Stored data
□ □ □ □

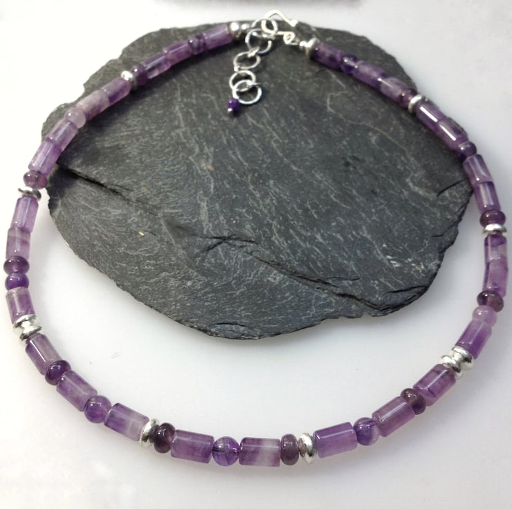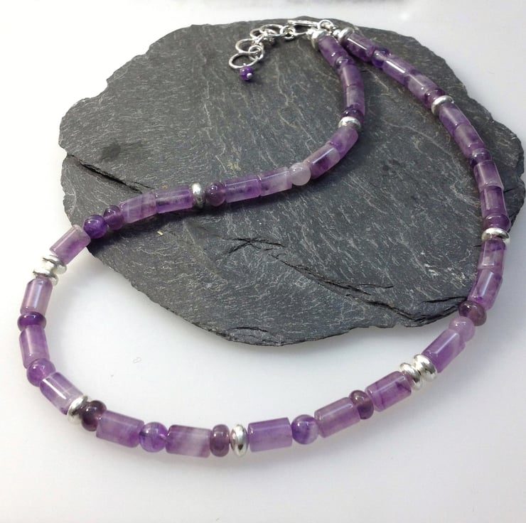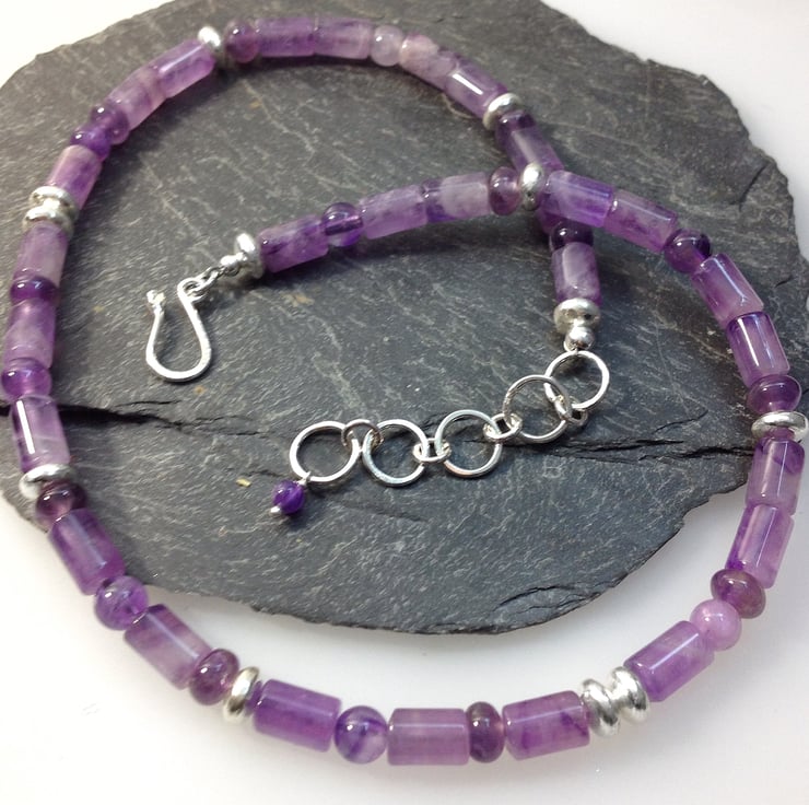 The amethyst beads are in mottled shades of dark and light purple, the silver beads have an unpolished finish which contrast nicely with the polished stone beads.
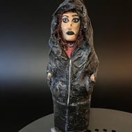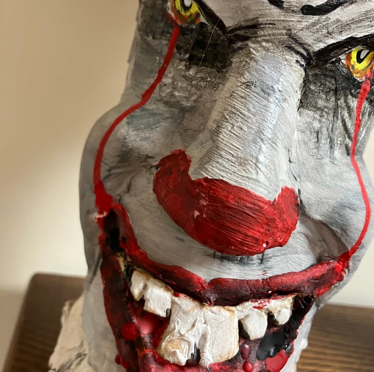 This sculpture makes a haunting statement on a bookshelf, in a display cabinet, or as part of a dedicated horror collection. Because it is handmade, you are getting a piece of art that cannot be replicated.
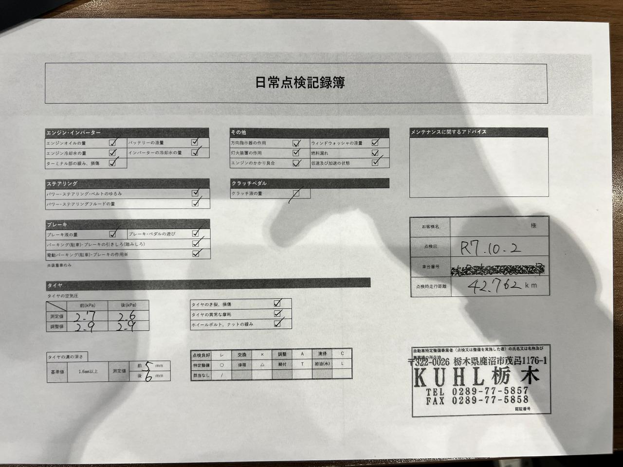 KUHL中古車メンテナンスパックです。定期点検、オイル交換などのメンテナンス作業の他、車高調整、アライメント調整等のカスタムショップならではの項目も設定しております。その他にも多数の特典がございます。 |
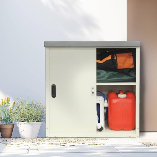 Bonarca 屋外 倉庫 小型 【日光で熱くなりにくいホワイト&鍵付き】 縦長 おしゃれ 防水 ガーデン倉庫 小型倉庫 鍵付き 物置 幅80 収納庫 収納 庭 二段 ベランダ 収納ボックス スチール製 サビにくい SD-IG8050の高価買取
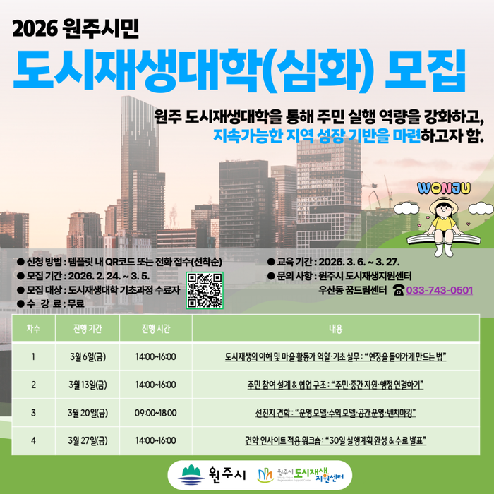 [스포츠서울ㅣ원주=김기원기자]원주시 도시재생지원센터(센터장 정철)는 오는 6일부터 27일까지 우산동 꿈드림센터에서 ‘2026년 원주시민 도시재생대학(심화)’를 매주 금요일 총 4회 과정으로 운영한다.
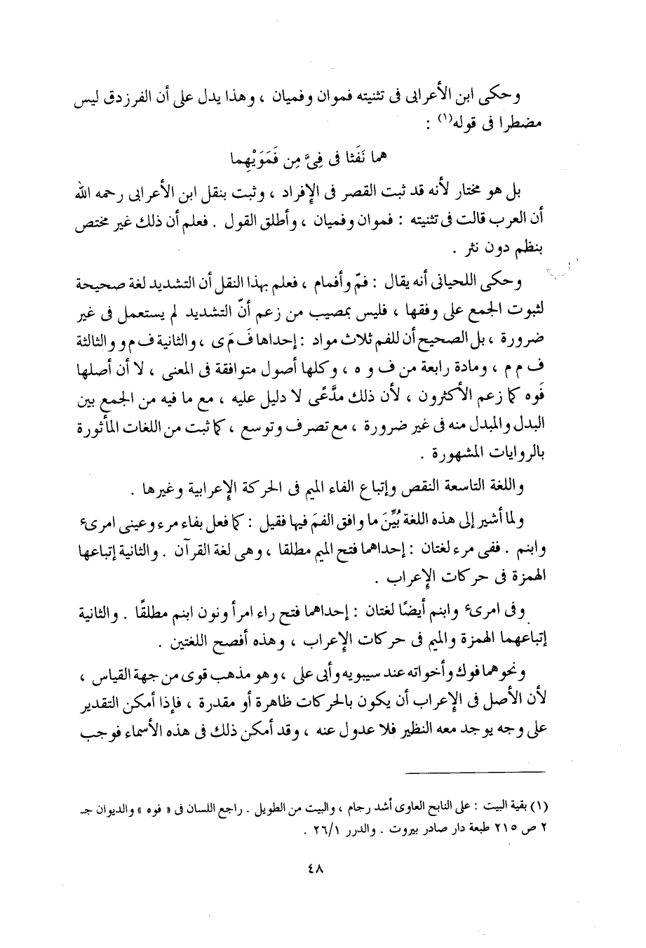 وحكى ابن الأعرابي في تثنيته فموان وفميان، وهذا يدل على أن الفرزدق ليس مضطرا في قوله:
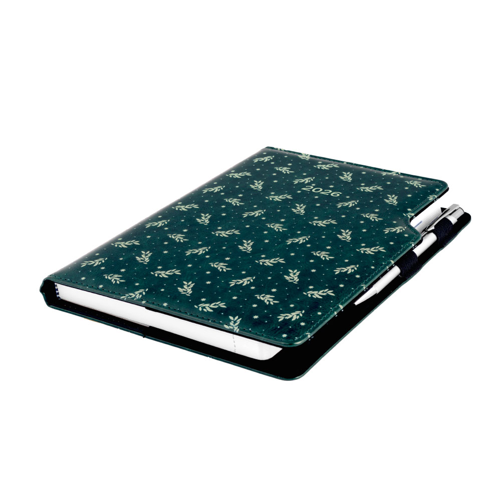 Diář DESIGN tydenní B5 2026 - zelená - Větvičky

□ □ □ □

Every line from the one containing "[스포츠서울ㅣ원주=김기원기자]원주시 도시재생지원센터(센터장 정철)는" through the final line of the records above is to be written out exactly; nothing else, and no pictures.

# SOLUTION TO THE PROBLEM
 [스포츠서울ㅣ원주=김기원기자]원주시 도시재생지원센터(센터장 정철)는 오는 6일부터 27일까지 우산동 꿈드림센터에서 ‘2026년 원주시민 도시재생대학(심화)’를 매주 금요일 총 4회 과정으로 운영한다.
 وحكى ابن الأعرابي في تثنيته فموان وفميان، وهذا يدل على أن الفرزدق ليس مضطرا في قوله:
 Diář DESIGN tydenní B5 2026 - zelená - Větvičky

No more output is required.